Introduction

The widespread use of three-dimensional (3D) imaging and 3D printing has further fuelled the search for automated segmentation methods, with resultant high clinical expectations irrespective of intrinsic imaging limitations. The unrivalled benefits of soft tissue imaging of MRI combined with a desire to avoid ionising radiation exposure have led to a quest for rapid bone imaging techniques which can obviate the need for CT imaging.

The potential benefits of automated 3D reconstructed MRI are perhaps no greater than in the craniofacial skeleton, where complex anatomy is coupled with radiosensitive organs (lens and thyroid gland) and often benign pathology in young patients. The challenge in segmentation of the skull lies in the fact that compact bone is characterised by very short T2* relaxation times and relatively short T1 relaxation times [1]. In an attempt to circumnavigate the difficulty in obtaining signal from bone, gradient echo (GRE) black bone (BB) techniques were developed to enhance the bone-soft tissue boundary using a combination of short echo (TE) and repetition times (TR) and a low flip angle. This results in minimal signal being returned from cortical bone and soft tissue species which therefore appear uniform. The main benefit of this GRE-based technique is that it can be implemented on all MRI systems irrespective of vendor or field strength. Previous attempts with GRE-BB to produce 3D rendered imaging of the craniofacial skeleton have shown considerable promise, but remain limited by time-intensive segmentation techniques [2,3,4,5,6,7,8]. Recent developments in an automated segmentation algorithm have brought these techniques significantly closer to routine clinical practice [9].

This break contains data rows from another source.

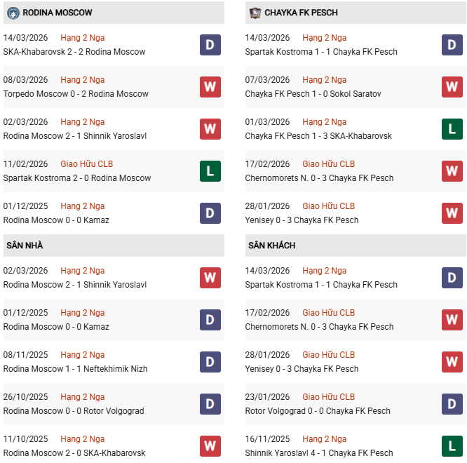 Thống kê phong độ Rodina Moscow vs Chayka:
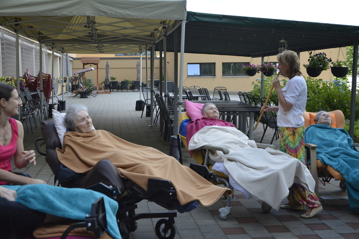 Úvod > O domově > Život v domově > Pasivní muzikoterapie s Magdou, tentokrát na terase
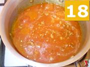 Una volta sfumato il brodo č il momento di unire la passata di pomodoro (16) e lasciarla cuocere dolcemente per lungo tempo (17), con il coperchio, fino a 90 minuti. Dopo circa 1 ora (18) salate quanto basta tenendo a mente che il parmigiano aggiungerą salinitą al piatto.
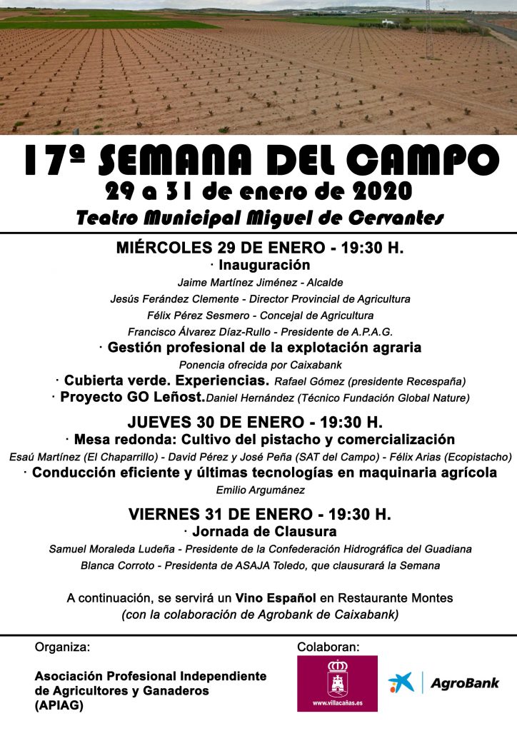 Los agricultores de Villacañas (Toledo) celebran estos días su 17ª Semana del Campo que, organizada por la Asociación Profesional de Agricultores y Ganaderos (APAG), en colaboración con el Ayuntamiento, se compone de varias charlas sobre asuntos agrarios de actualidad e interés.
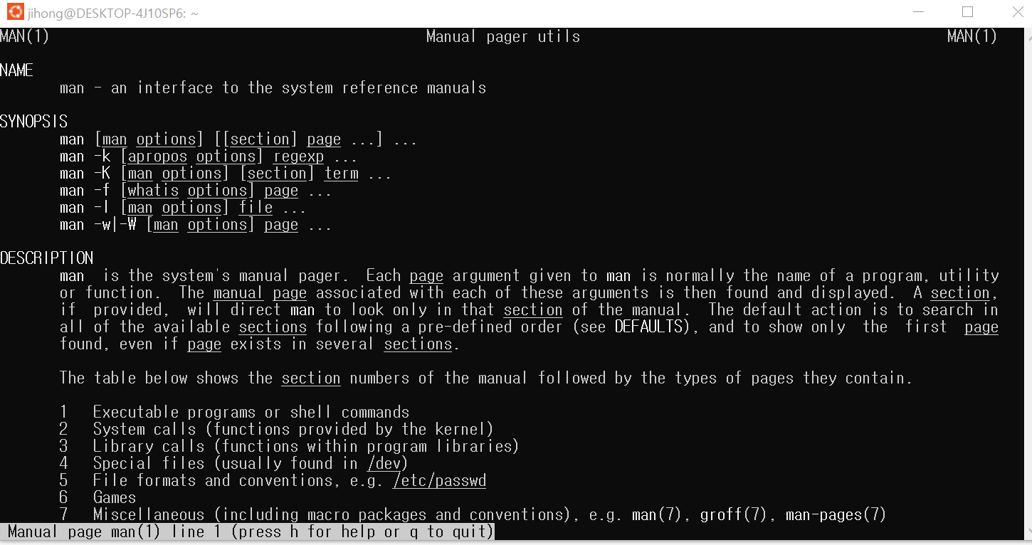 PS(1)에서 숫자 1은 섹션1에 속한다는 것을 알려준다.
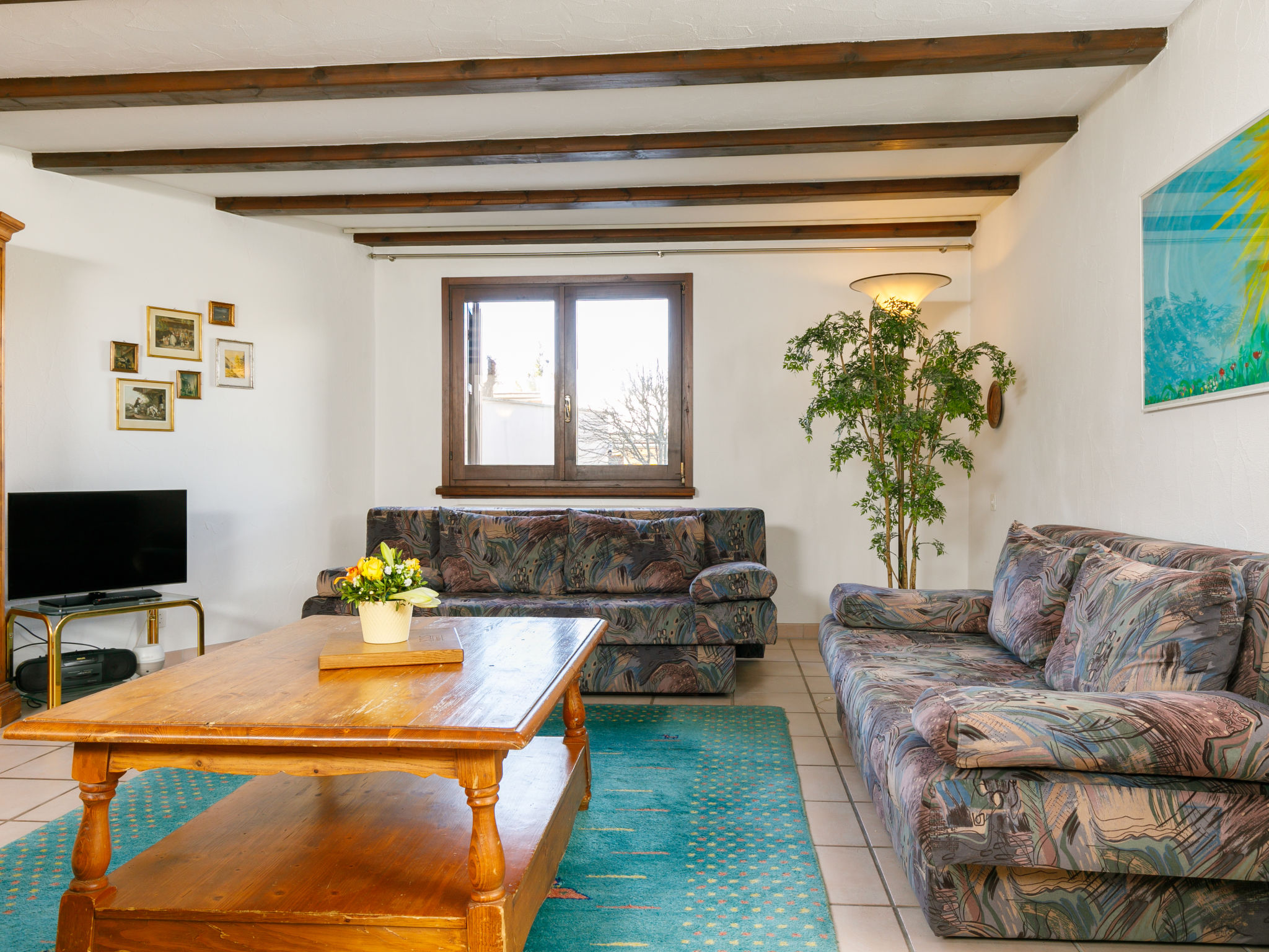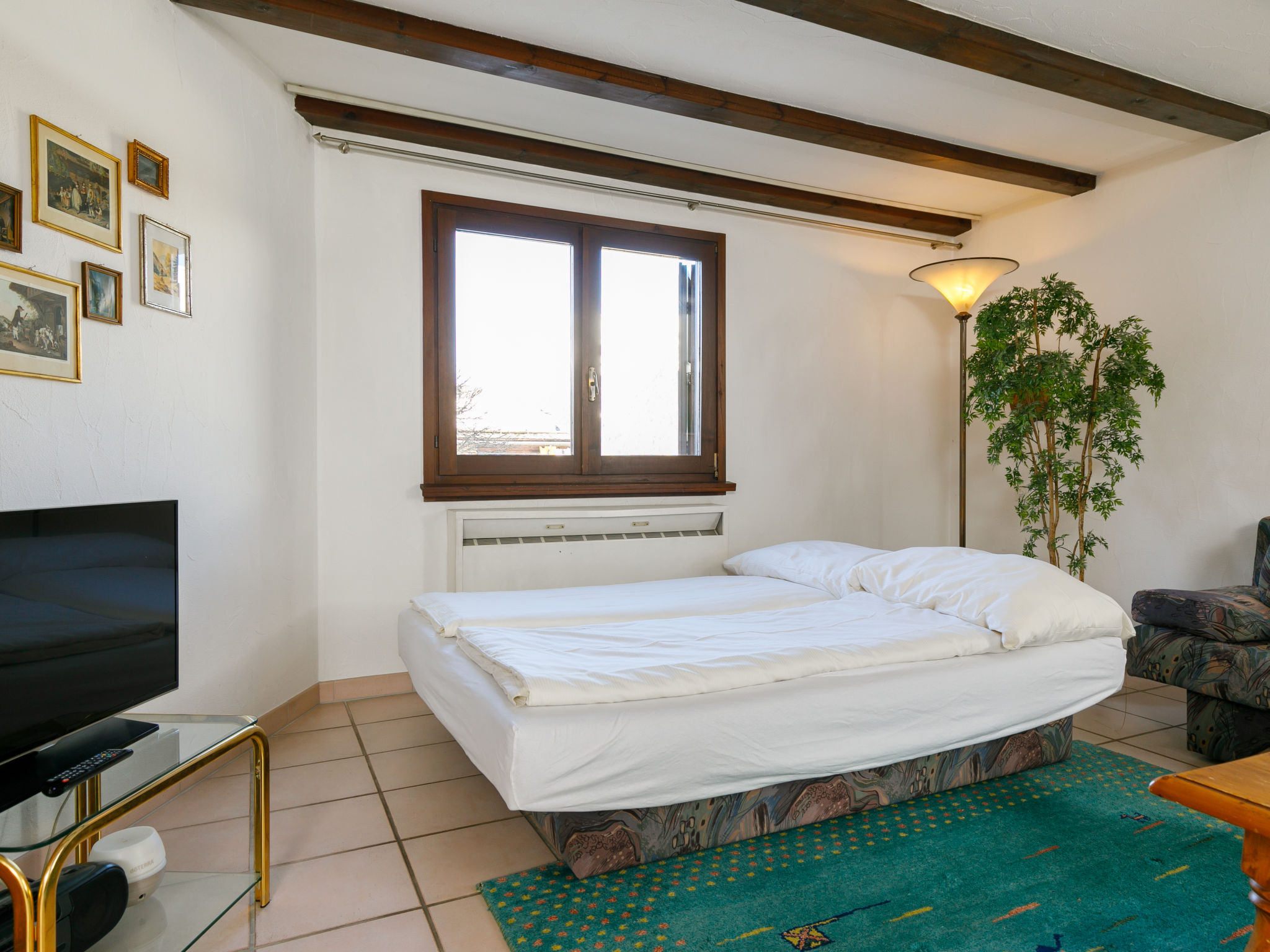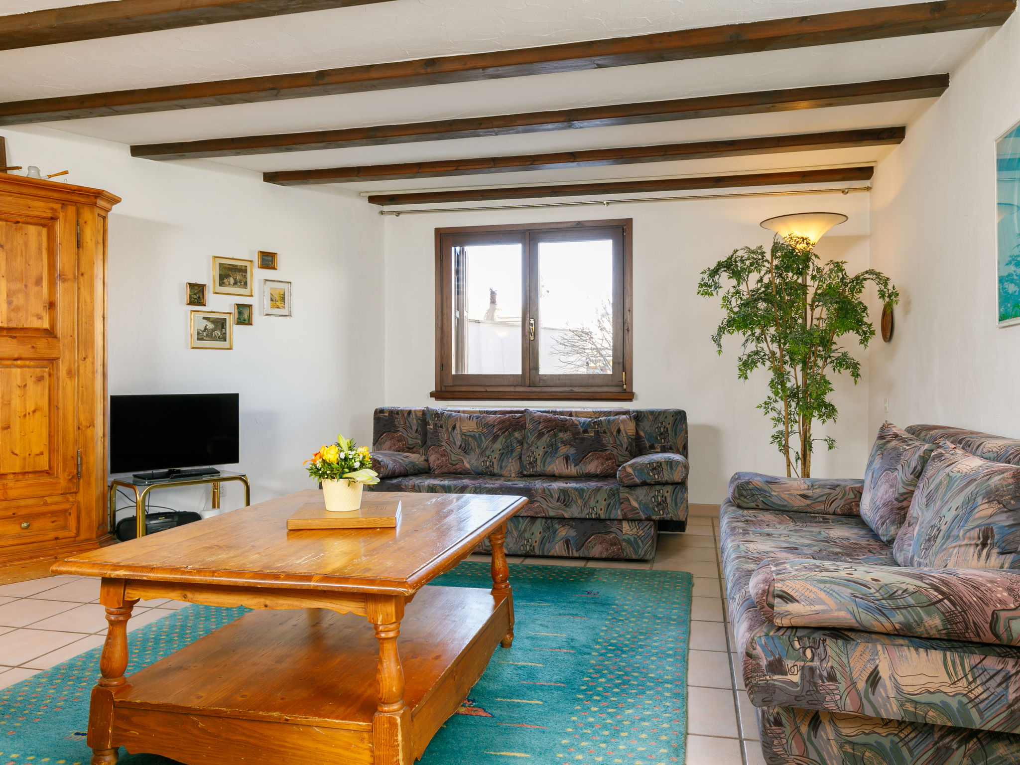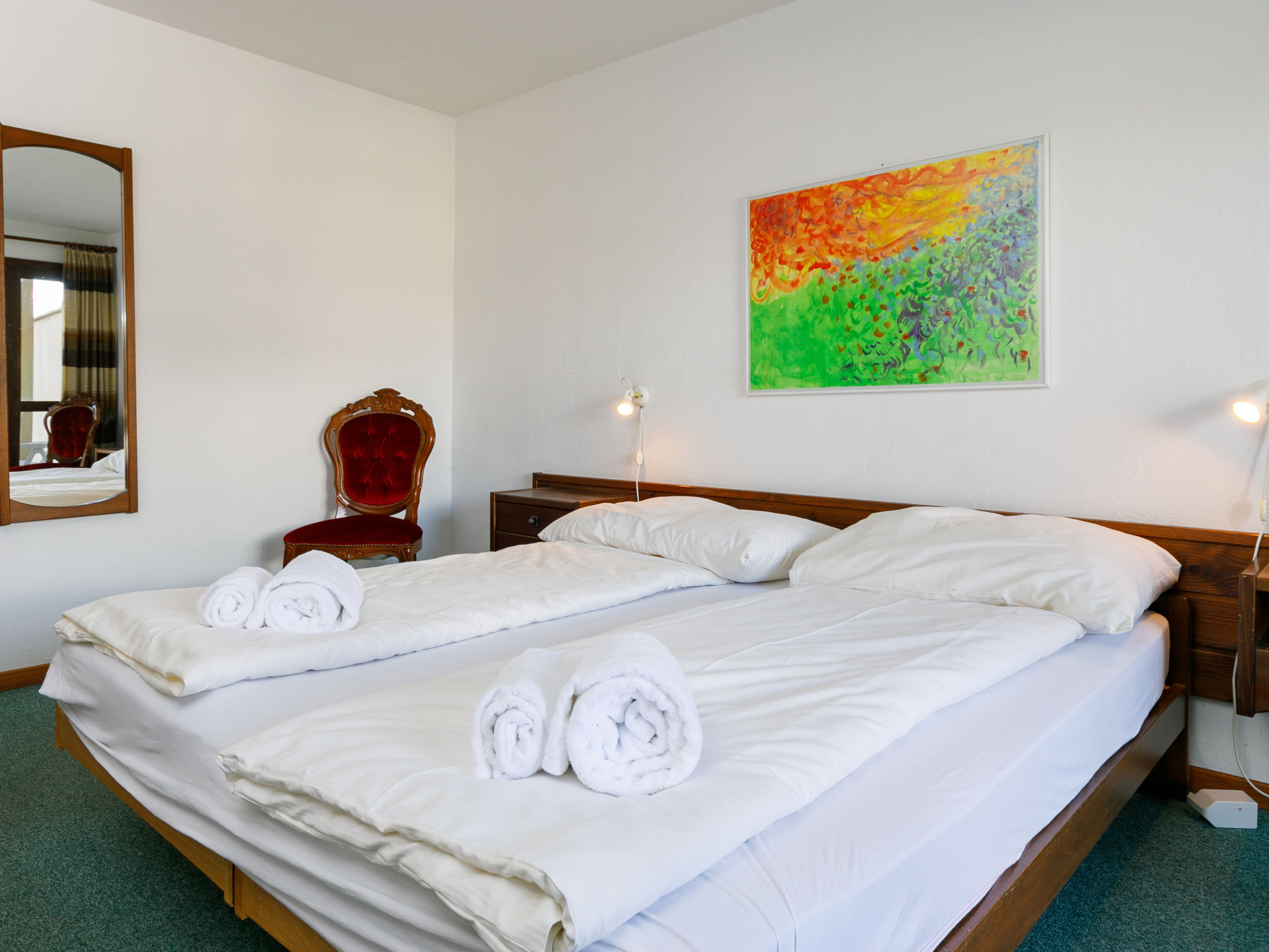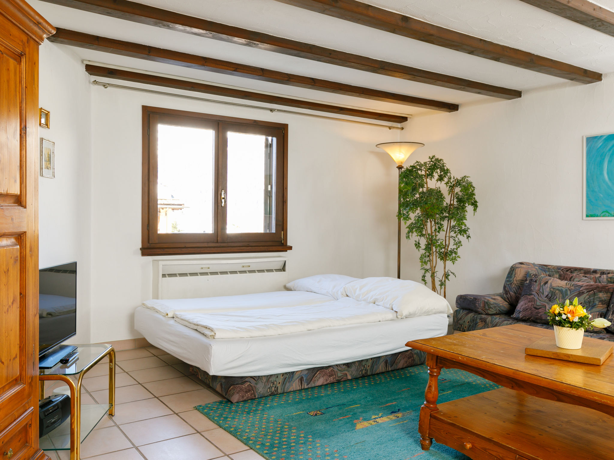 "Residenza Chesa Margun 66-1", 2-Zimmer-Wohnung 77 m2, im Erdgeschoss. Hell, gemütlich eingerichtet: Wohn-/Esszimmer mit 1 Doppeldiwanbett, Digital-TV, Flachbildschirm und Radio. 1 Zimmer mit 2 Betten und E-Heizung. Ausgang zum Balkon. Küche (Backofen, Geschirrspüler). Bad/WC. E-Heizung. Terrasse, Südlage. Sicht auf die Berge und den Garten. Zur Verfügung: Internet (Wireless LAN, gratis). Geeignet für Familien.
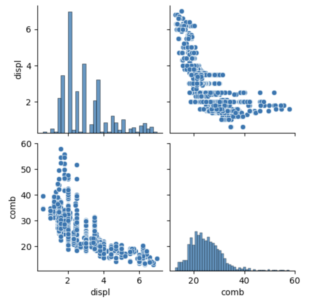 sb.pairplot(data=df, vars=['displ', 'comb'])

Ultrashort echo time (UTE) and more recently zero echo time (ZTE) imaging have been increasingly used to evaluate structures with the shortest T2 values, with demonstrated benefits in PET/MRI attenuation correction, with demonstrable segmentation success within the skull [1, 10]. Unlike the conventional RF pulse sequences, the ZTE sequence begins a readout period immediately after the RF pulse, thus permitting visualisation of short T2 materials [11].

A potential synergy between BB and ZTE arises from the different nature of their intrinsic limitations: in the case of BB, fully automated segmentation methods are complicated due to the uncertainty between air and bone tissue voxels, both yielding no detectable signal. Conversely, short echo time methods, like ZTE, are capable of detecting the signal from bone tissue and thus discerning it from air. However, these methods are characterised by a radial k-space acquisition pattern (which is not time efficient), as well as low flip angles, requiring multiple averages to achieve sufficient signal-to-noise ratio for segmentation purposes. In consequence, the image resolutions that can be effectively achieved by ZTE in clinical practice are currently limited to ~ 1 mm3.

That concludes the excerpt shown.